# Cyanogen Mod



## supr2nr (Jun 12, 2011)

I have seen a lot of threads in the development section for building your own cyanogen builds from source, but to be honest I am just not that talented and I don't have another computer that I could set up linux to do so. Most of the cyanogen ROM's that have been posted have been from weeks ago. And although they work I hav experienced some strange issues with them such as notification tones randomly changing on their own and SD card becoming unreadable at moments.
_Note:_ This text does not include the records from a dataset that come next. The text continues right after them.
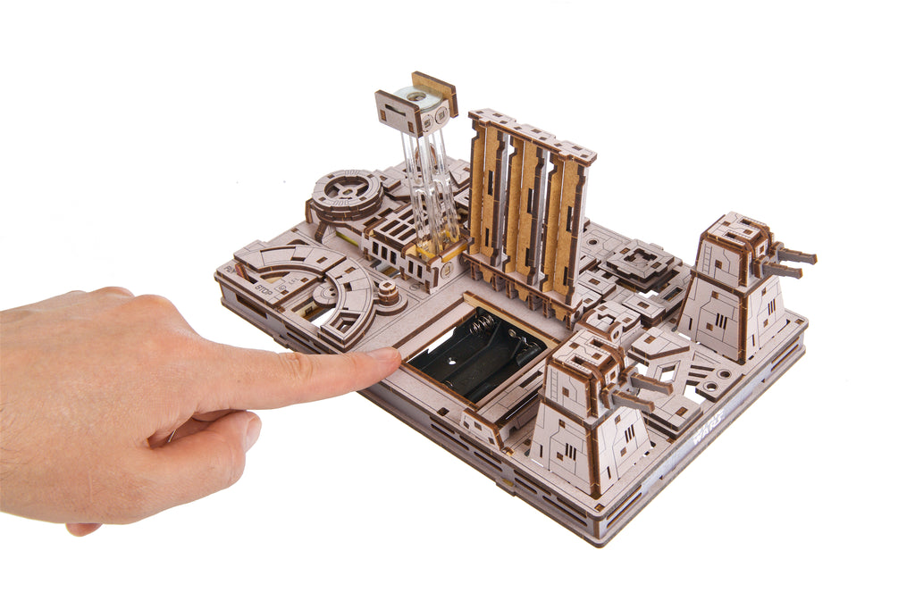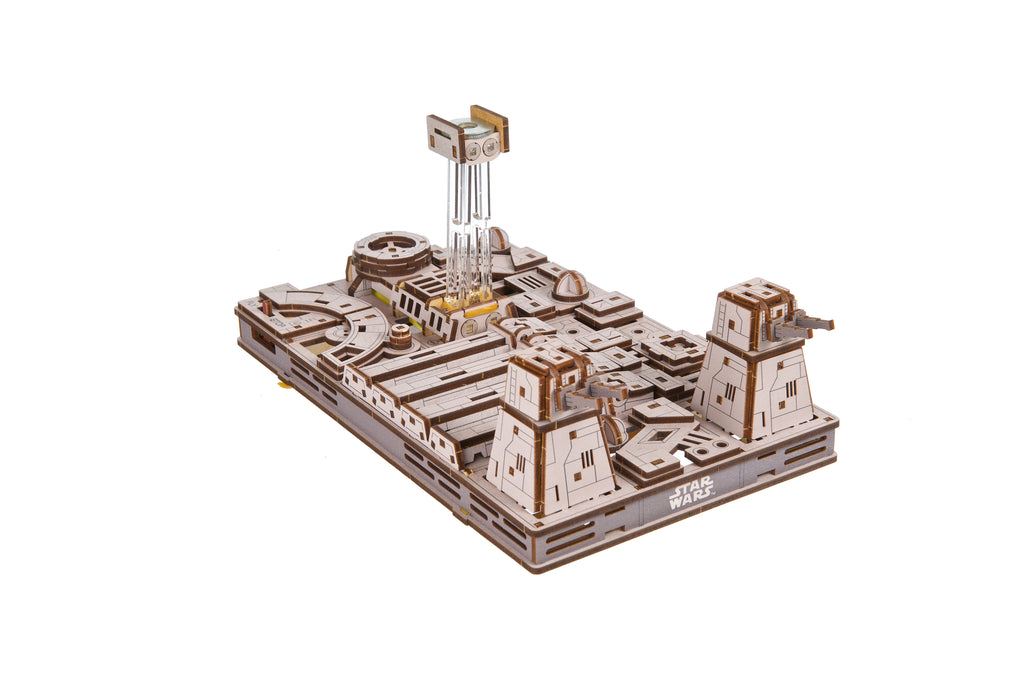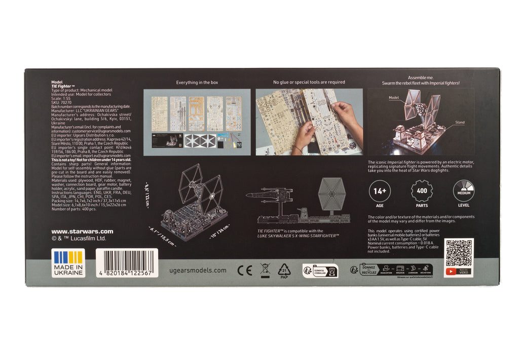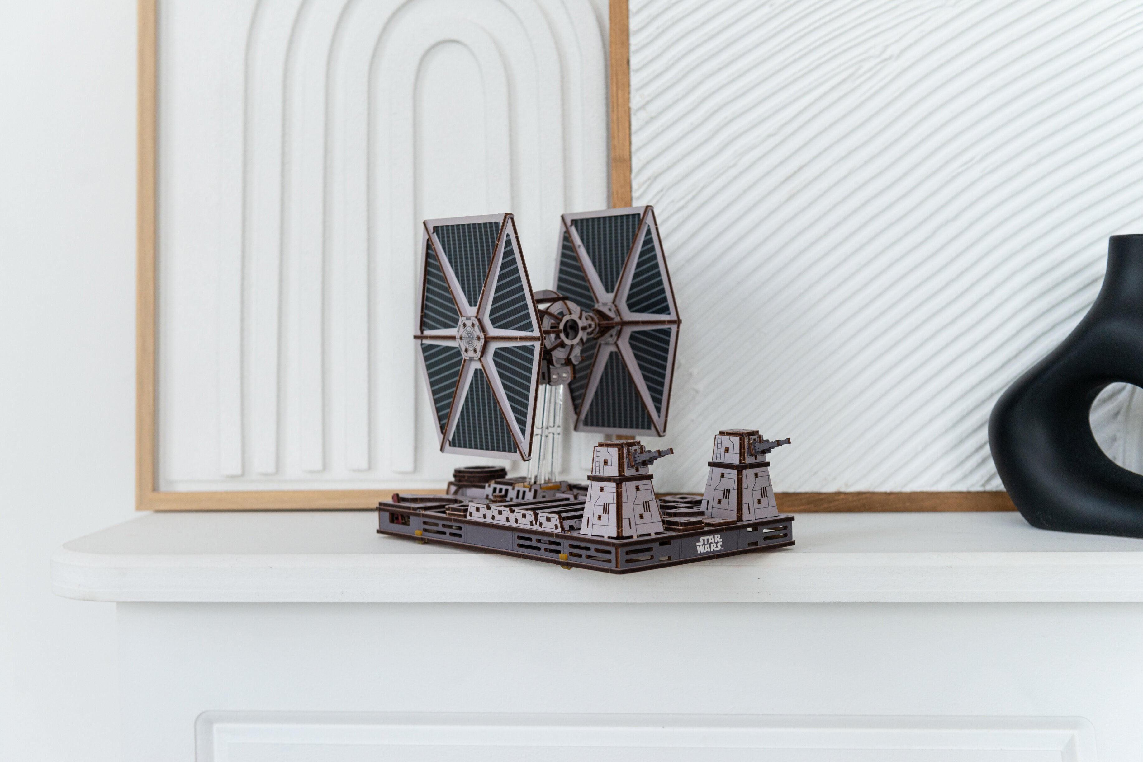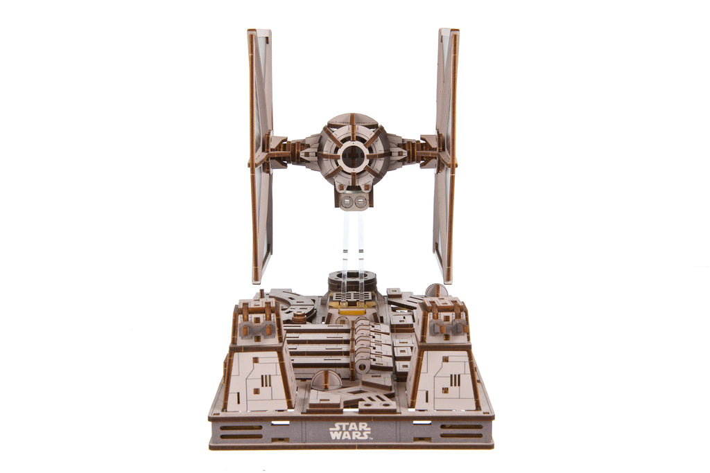 Tämä paristokäyttöinen DIY-malli, valmistettu värillisestä vanerista, sisältää sekä hävittäjän että Kuolemantähden pintaa muistuttavan telineen. Alus kiinnittyy telineeseen magneetilla, joten irrotus ja kiinnitys on helppoa. Telineeseen on piilotettu pieni paristokäyttöinen moottori, joka tuottaa realistista lentoliikehdintää. Kaksi laseritykkitornia liikkuu sivulta sivulle, luoden tulimyrskyn lähestyviä X-Wingejä vastaan. TIE Fighterin ohjaamon yläluukku avautuu paljastaen sisädetaljit. Siivissä on mukana kartonkiosia. Malli toimii joko kolmella AA-paristolla (ei sisälly) tai USB Type-C -liitännällä (powerbank ja kaapeli eivät sisälly).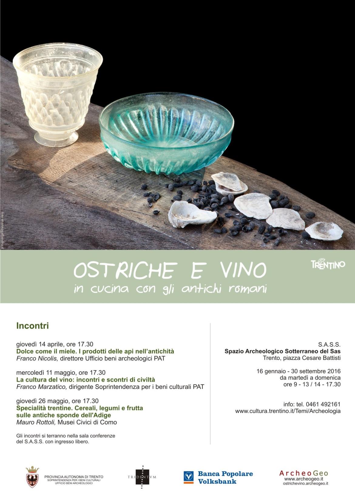 Come mangiavano i nostri antenati nella preistoria? C’è una linea di continuità nella storia dell'alimentazione dall’antichità ai giorni nostri? Come si sono evoluti nel corso dei secoli il significato del cibo e le tradizioni ad esso legate? Sono queste le tematiche al centro di un ciclo di tre incontri nell'ambito della mostra “Ostriche e vino. In cucina con gli antichi romani”. Gli appuntamenti, curati dall'Ufficio beni archeologici della Soprintendenza per i beni culturali della Provincia autonoma di Trento si terranno il 14 aprile, l’11 e il 26 maggio presso il S.A.S.S., lo Spazio Archeologico Sotterraneo del Sas, a Trento, sotto piazza Cesare Battisti.
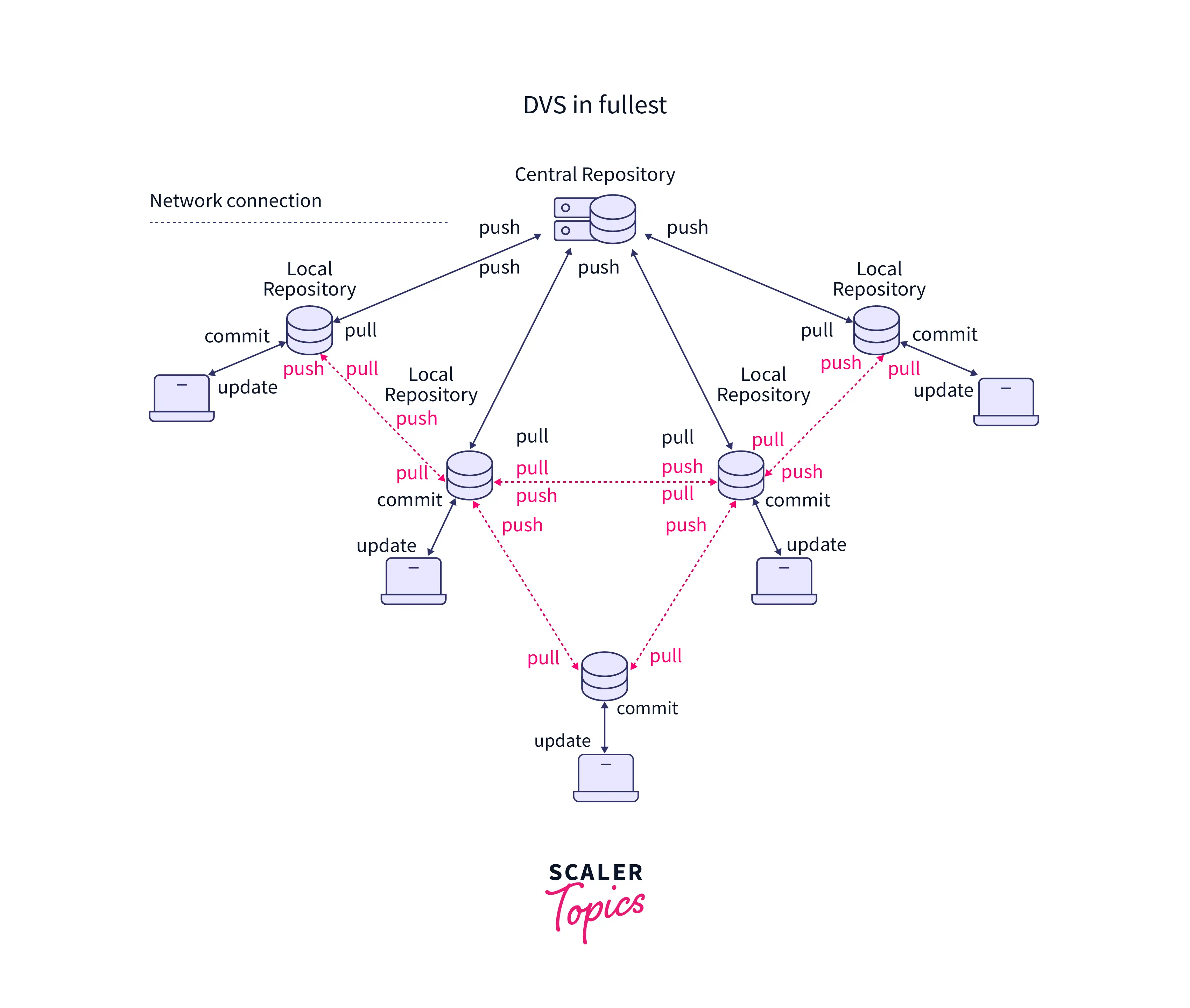 The term Distributed Version Control System is also self-explanatory. In Distributed VCS, there is a central repository, and developers can also have that whole repository in their local system. Hence, for any change, firstly, the developers make the change in the local repository and test it; then, if the team decides to make it live, it is committed to the central repository.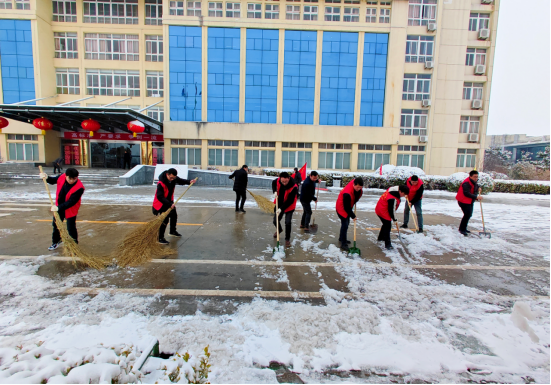 é’年志愿者们冒ç€ä¸¥å¯’,或æ¡å¸šæ‰«é›ªã€æˆ–挥锹铲雪,全力清除路上的积雪和暗冰。铲雪ã€é™¤å†°ã€æ¸…è¿ï¼Œå„个岗ä½ååŒä½œæˆ˜ã€é…åˆé»˜å¥‘ï¼ŒåŒæ—¶æ¸©é¦¨æé†’èŒå·¥â€œå°å¿ƒè·¯æ»‘â€â€œæ…¢ç‚¹èµ°ï¼Œæ³¨æ„安全â€ï¼Œé’年志愿红æˆä¸ºäº†å†°å¤©é›ªåœ°é‡Œä¸€é“é“ä¸½é£Žæ™¯çº¿ï¼Œä¸ºå¯’å†·å¤©æ°”å¢žæ·»äº†åˆ«æ ·çš„ç¾Žä¸½ã€‚ç»è¿‡ä¸æ‡ˆåŠªåŠ›ï¼Œé’年志愿者们将主è¦é€šè¡Œé“è·¯ã€åŠžå…¬æ¥¼å‰ç‰åŒºåŸŸçš„积雪暗冰全部清ç†å¹²å‡€ï¼Œä¿éšœå¹¿å¤§å¹²éƒ¨èŒå·¥å‡ºè¡Œå®‰å…¨ã€�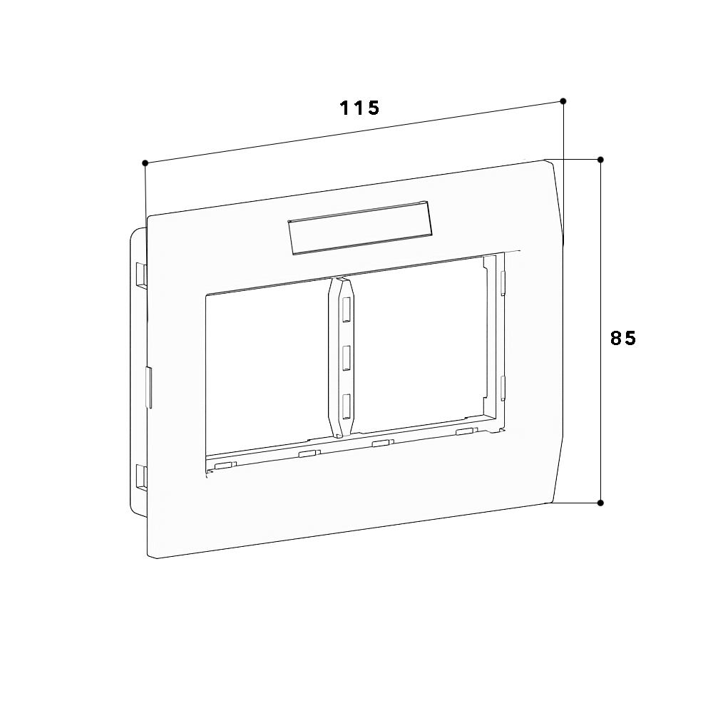 Prise double prémontée, composée d'un support de montage, d'un cadre de recouvrement avec emplacement pour étiquette de dimension 8x40 mm, d'une prise simple M45 0° droite, raccordement du câble par bornes à fiche, 2 pà´les, 16 A/250 V~, avec bornes de connexion selon VDE 0620, conçue pour 2 fiches coudées ou fiches plates, avec protection renforcée contre les contacts accidentels selon VDE 0620 pour l'installation dans des goulottes sous allège avec une ouverture couvercle de 76,5 mm de large pour une installation horizontale de l'appareillage. Remarque : la décharge de traction doit être commandée séparément.
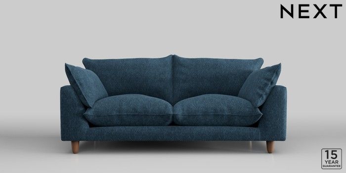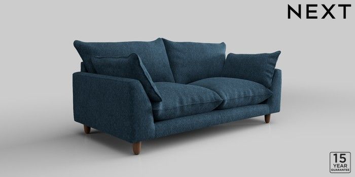 7.2.10 Noa Deep Relaxed Sit 3 Seater Small Sofa Cotswold Chenille Dark Blue High Leg - Mid | Made Click here to use our website with more accessibility support, for example screen readers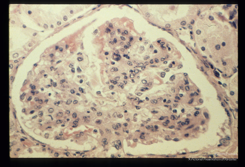 Description: Nephropathy in chimpanzee with pipe stem fibrosis. Note mesangial proliferation.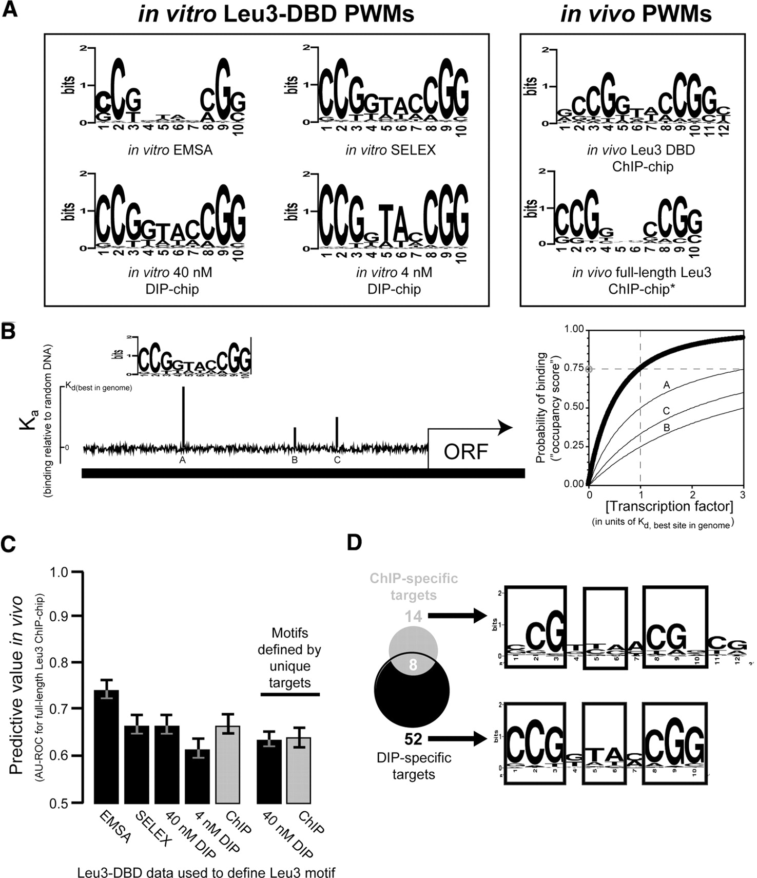 Motifs derived from in vitro methods predict in vivo protein–DNA interactions as accurately as motifs derived from in vivo ChIP-chip. (A) Six PWM representations of the Leu3 binding motif, derived from the indicated binding experiments (Methods). (B) A schematic representation of motif scoring by GOMER. Briefly, given a PWM for a binding motif N bp long, GOMER calculates a relative equilibrium binding constant (Kd) for each sequence window of length N in the genome, and from this Kd value calculates the probability of being bound at some free protein concentration (typically equal to the Kd of the best site in the genome). GOMER then uses these individual binding probabilities to calculate the probability of binding to at least one site within a genomic sequence of interest. The graph (right) indicates the probability that sites A, B, and C (left) will be occupied by a factor recognizing the motif shown, as a function of protein concentration. The thick line shows the probability that any one of the three sites will be bound at the given concentration. In this example, if the protein is present at a concentration equal to the Kd of the best site in the genome, there is a 75% chance that the shown promoter will be bound at either A, B, or C at a given point in time (gray circle). (C) AUC-ROC values (y-axis) for prediction of full-length Leu3 ChIP-chip results based on motifs derived from the indicated data set. Error bars indicate the 95% confidence interval estimated using bootstrap resampling of occupancy scores and Leu3 enrichments. (D) Similar motifs are derived from genomic targets unique to DIP or ChIP.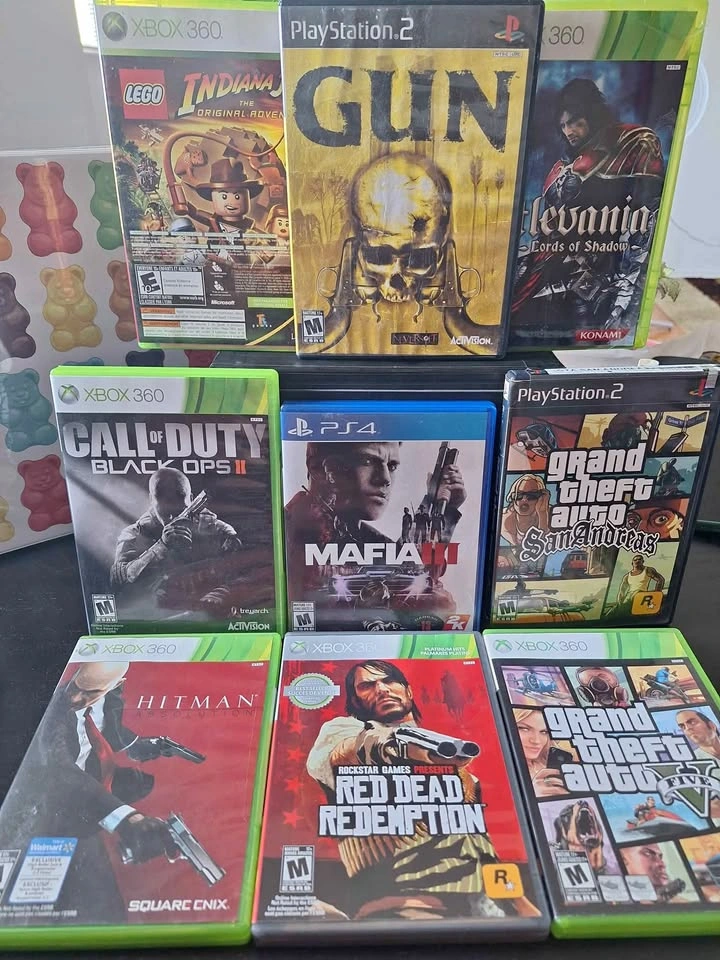 Mafia 3 - PS4 Grand Theft Auto 5 - Xbox 360 Grand Theft Auto San Andreas - PS2 Gun - PS2 Red Dead Redemption - Xbox 360 Lego Indiana Jones & Kung Fu Panda - Xbox 360 Castlevania - Xbox 360 Call Of Duty Black Ops 2 - Xbox 360 Hitman - Xbox 360 Pick up in Bradford. $5 each or all for $35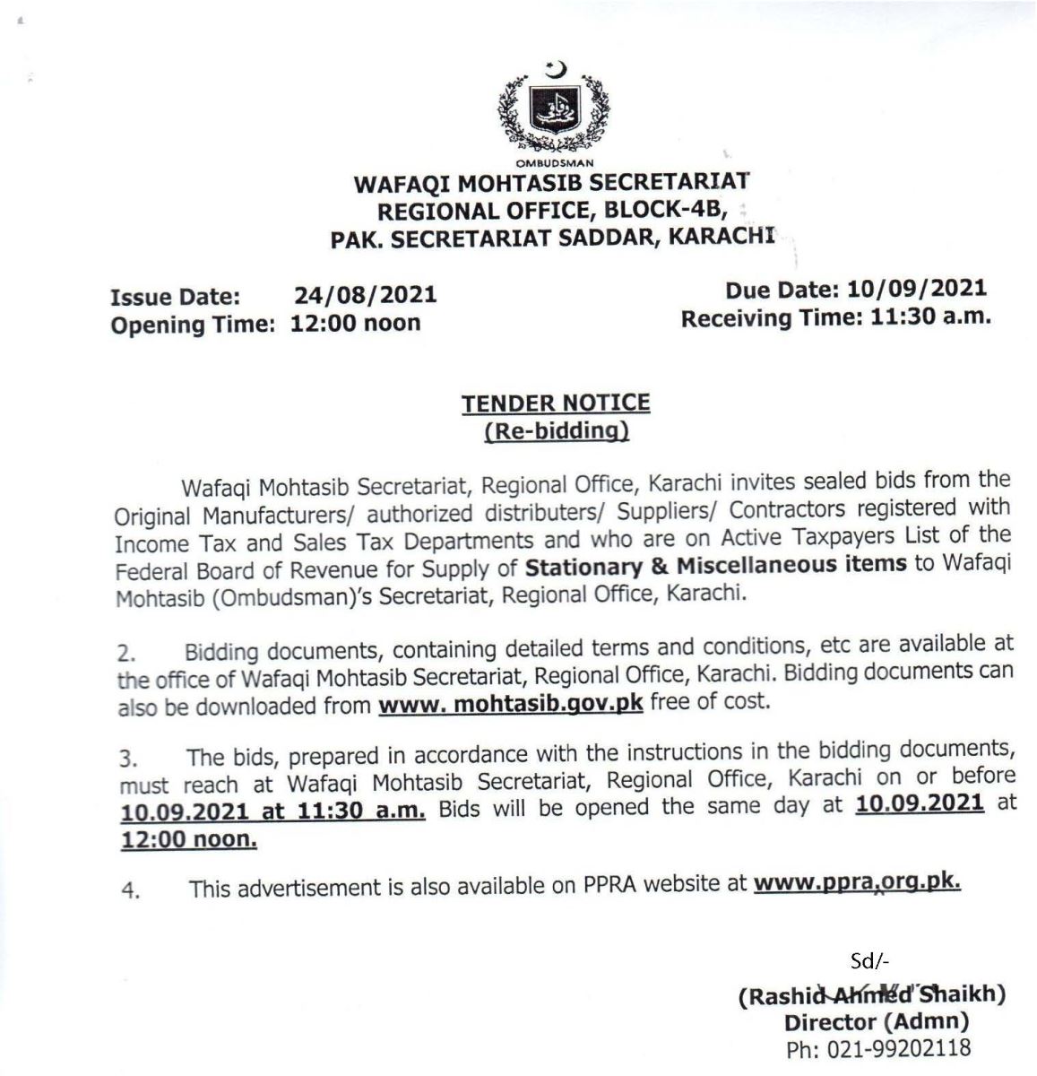 KHR Re-Tender Notice No. 1 (2021-22): Procurement of Stationery & other misc. items for the Wafaqi Mohtasib Secretariat (WMS) Regional Office Karachi.

Has anyone built a newer cyanogen mod build recently from source that is working really well that they wouldn't mind sharing with me or the community? Protek's 7.2.0 RC0 works well but like I said I have had a few issues so I as just wondering if anyone has gone beyond that

Thanks. And sorry if its a dumb or stupid request.


----------



## strongergravity (Jul 22, 2011)

Thundershed works great.
His hard drive died so its going to be a little bit before he gets his computer up & running to feed us an update. He is actively working with it.


----------



## mrtonk (Oct 11, 2011)

Liquid 3.2 works nicely, too.

Sent from my Thunderbolt using Tapatalk

"I went back to Sense when I realized how much work I was putting into making AOSP look like Sense."


----------



## supr2nr (Jun 12, 2011)

Thanks for the responses guys!


----------